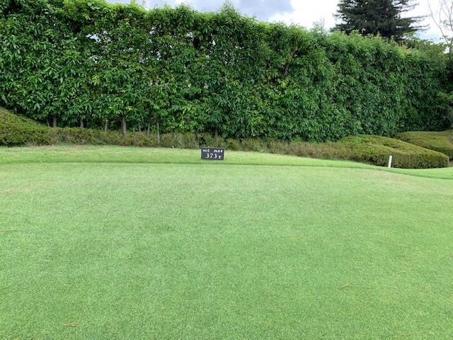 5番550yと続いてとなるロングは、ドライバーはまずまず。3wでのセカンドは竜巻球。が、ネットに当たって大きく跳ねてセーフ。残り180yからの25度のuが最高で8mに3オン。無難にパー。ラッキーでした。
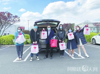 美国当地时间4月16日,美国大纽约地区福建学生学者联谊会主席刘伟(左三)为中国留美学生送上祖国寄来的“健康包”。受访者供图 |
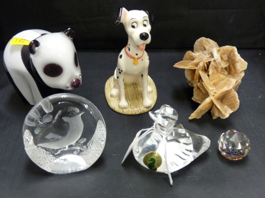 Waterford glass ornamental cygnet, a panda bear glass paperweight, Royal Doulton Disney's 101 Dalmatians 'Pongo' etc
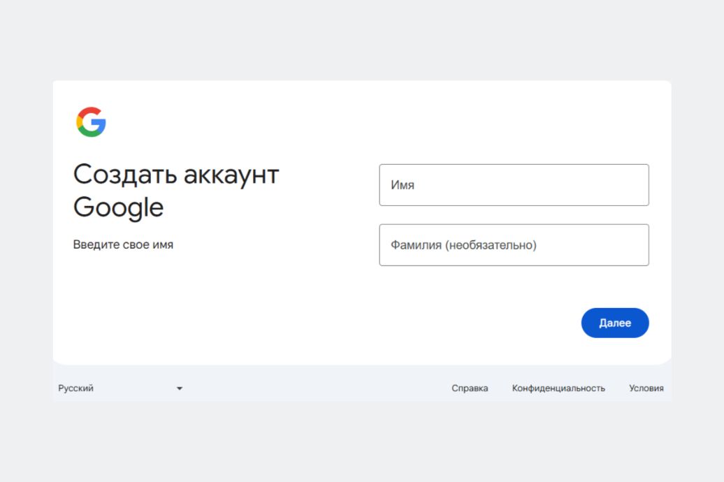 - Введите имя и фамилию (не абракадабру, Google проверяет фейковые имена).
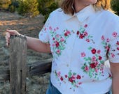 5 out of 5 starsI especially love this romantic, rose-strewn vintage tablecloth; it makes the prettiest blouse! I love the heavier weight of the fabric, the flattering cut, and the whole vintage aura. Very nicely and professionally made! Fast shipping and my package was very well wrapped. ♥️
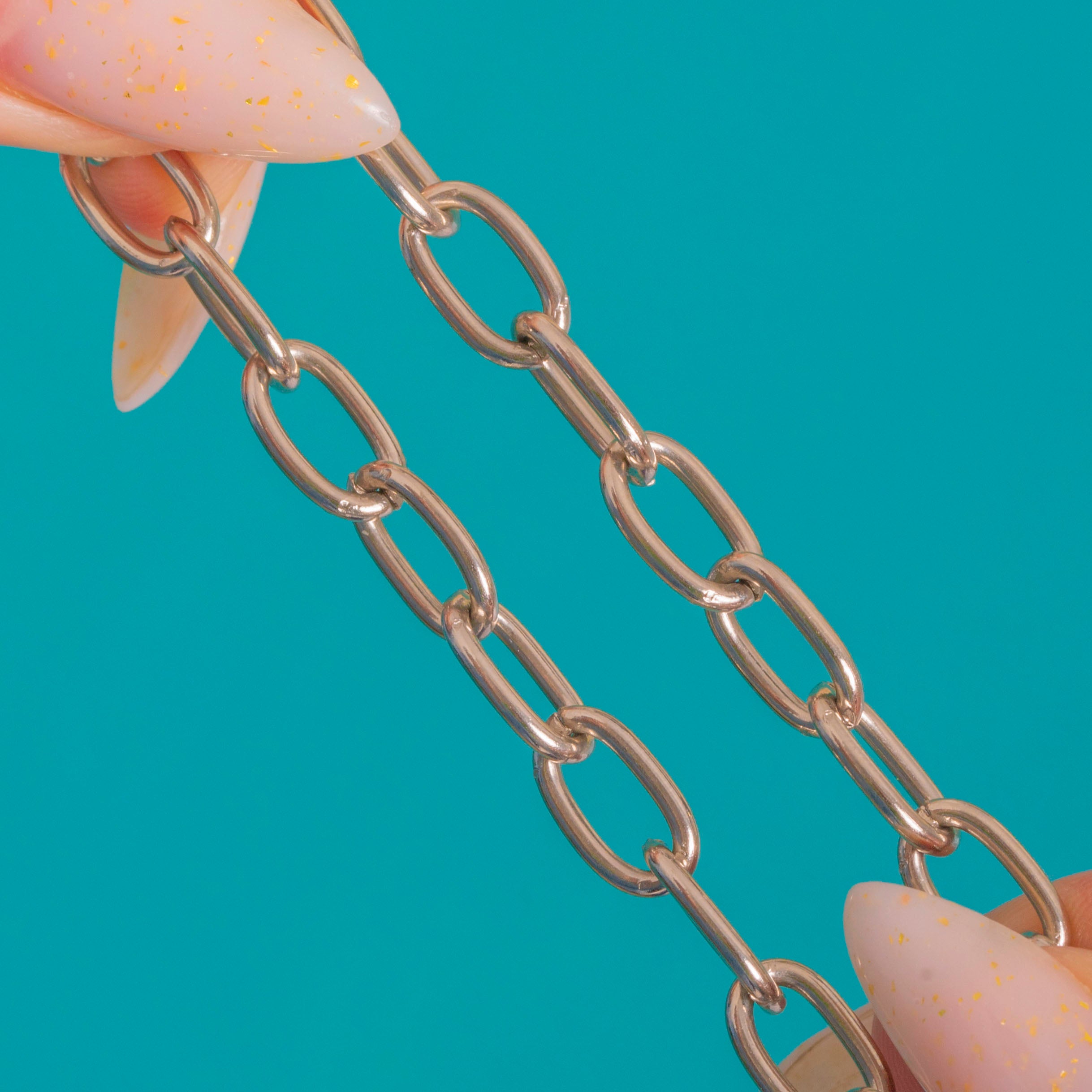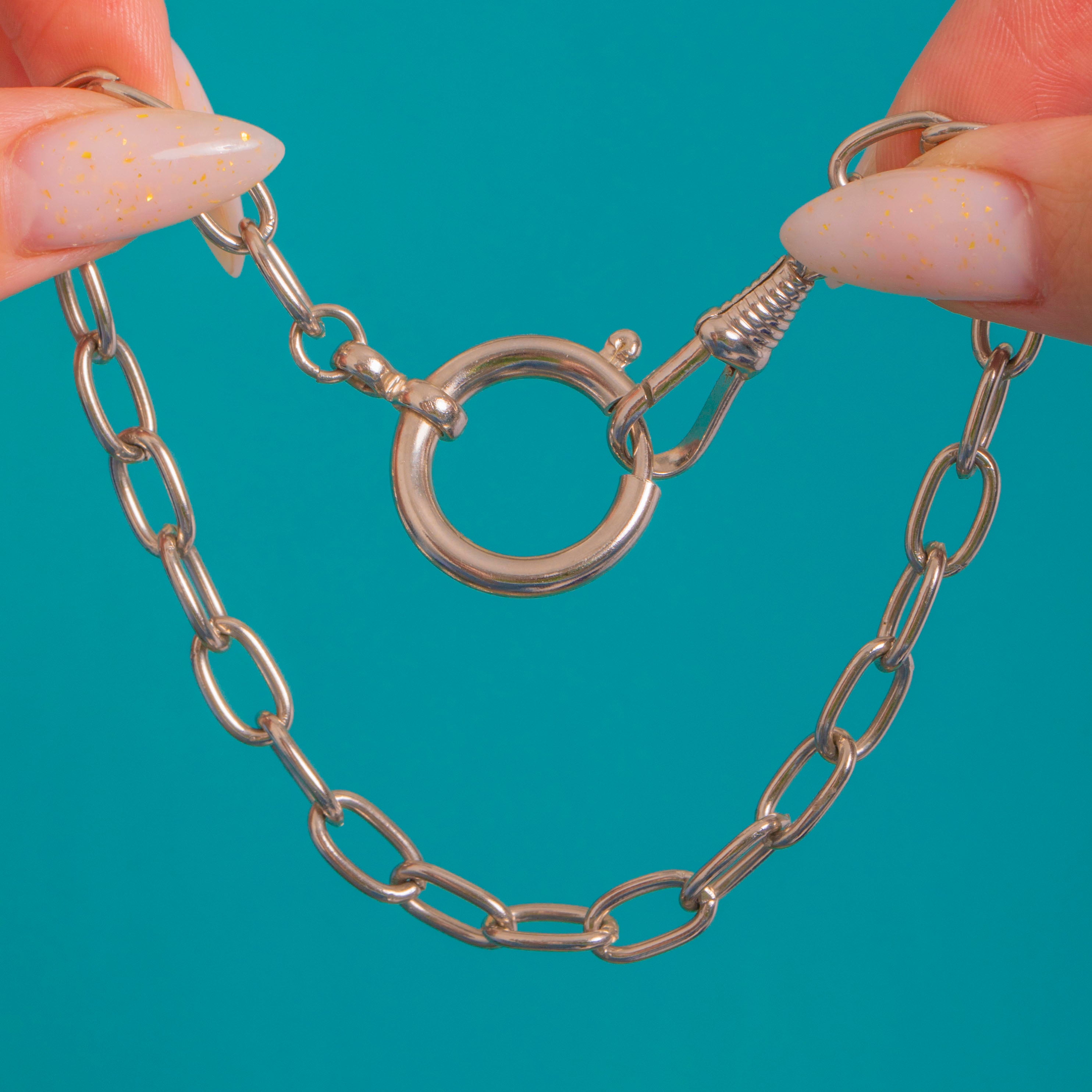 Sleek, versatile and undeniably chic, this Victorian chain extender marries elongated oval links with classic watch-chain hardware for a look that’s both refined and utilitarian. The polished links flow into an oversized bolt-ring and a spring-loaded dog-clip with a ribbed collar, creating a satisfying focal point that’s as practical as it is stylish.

* What you will do *
Above, find the line with "Waterford glass ornamental"; copy it and every line down to the line with "- Введите имя", exactly and both included, but no pictures.

* Response for this exercise *
 Waterford glass ornamental cygnet, a panda bear glass paperweight, Royal Doulton Disney's 101 Dalmatians 'Pongo' etc
 - Введите имя и фамилию (не абракадабру, Google проверяет фейковые имена).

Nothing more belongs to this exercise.